데이터 엔지니어가 되기 위한 프로젝트, 인터뷰, 책, 커뮤니티, 뉴스레터 등을 포함합니다. 데이터 엔지니어링 관련 기술 회사와 블로그, 화이트 페이퍼, 소셜 계정, 팟캐스트, 뉴스레터, 교육 코스 등의 정보도 함께 제공됩니다. 특히, 데이터 엔지니어링에 필요한 필독 서적 3권으로 이미 번역본이 출간된 "견고한 데이터 엔지니어링", "데이터 중심 애플리케이션 설계", "머신러닝 시스템 설계"를 추천하고 있네요.

## Topic Body

- 데이터 엔지니어가 되기 위한 모든 자료들을 모은 Repo   
  - 프로젝트/인터뷰/책/커뮤니티/뉴스레터 들 모음   
- 처음이라면 [2024 데이터 엔지니어링 진입 로드맵](https://news.hada.io/topic?id=17939)을 읽는 것부터 시작  
- 꼭 읽어야 하는 책 3가지 와 주요 서적 25권  
  - 견고한 데이터 엔지니어링   
  - 데이터 중심 애플리케이션 설계  
  - 머신러닝 시스템 설계  
- 꼭 가입해야할 커뮤니티 5개 와 주요 커뮤니티들 10여개   
  - [DE] [DataExpert.io Community Discord](https://discord.gg/JGumAXncAK)  
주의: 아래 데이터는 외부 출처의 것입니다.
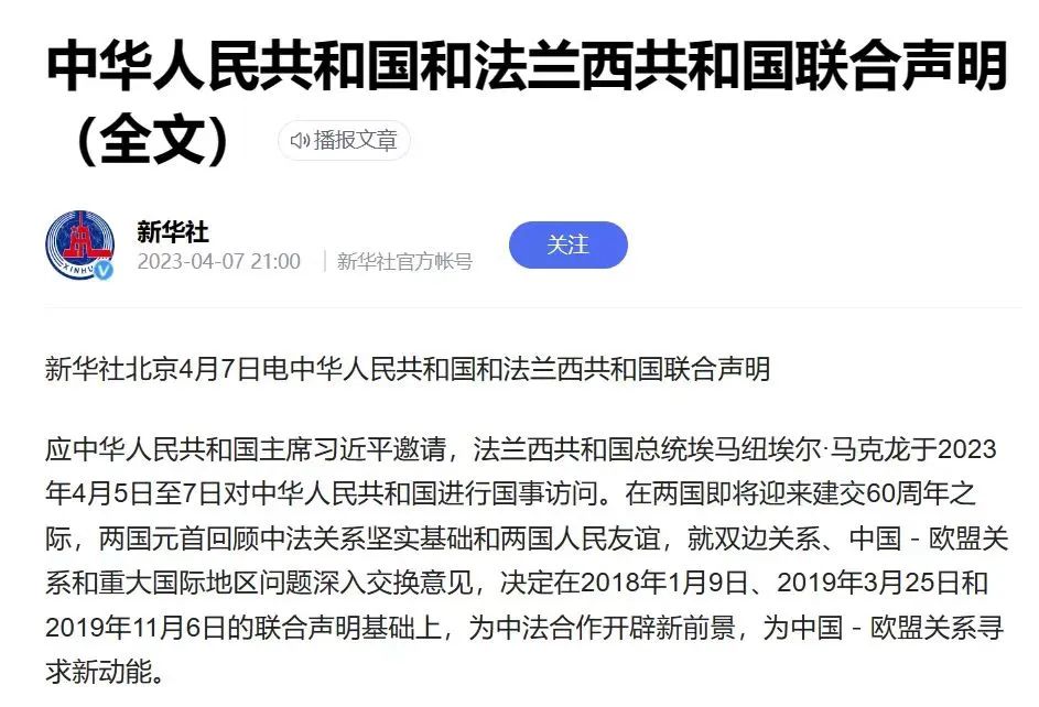 法国总统马克龙访华霸占了这两天的全网热搜。法兰西共和国总统埃马纽埃尔·马克龙于2023年4月5日至7日对中华人民共和国进行国事访问。在两国即将迎来建交60周年之际,两国元首回顾中法关系坚实基础和两国人民友谊,就双边关系、中国-欧盟关系和重大国际地区问题深入交换意见,决定在2018年1月9日、2019年3月25日和2019年11月6日的联合声明基础上,为中法合作开辟新前景,为中国-欧盟关系寻求新动能。

  - [DE] [Data Talks Club Slack](https://datatalks.club/slack)  
  - [DE] [Data Engineer Things Community](https://www.dataengineerthings.org/aboutus/)  
  - [ML] [AdalFlow Discord](https://discord.com/invite/ezzszrRZvT)  
  - [ML] [Chip Huyen MLOps Discord](https://discord.gg/dzh728c5t3)  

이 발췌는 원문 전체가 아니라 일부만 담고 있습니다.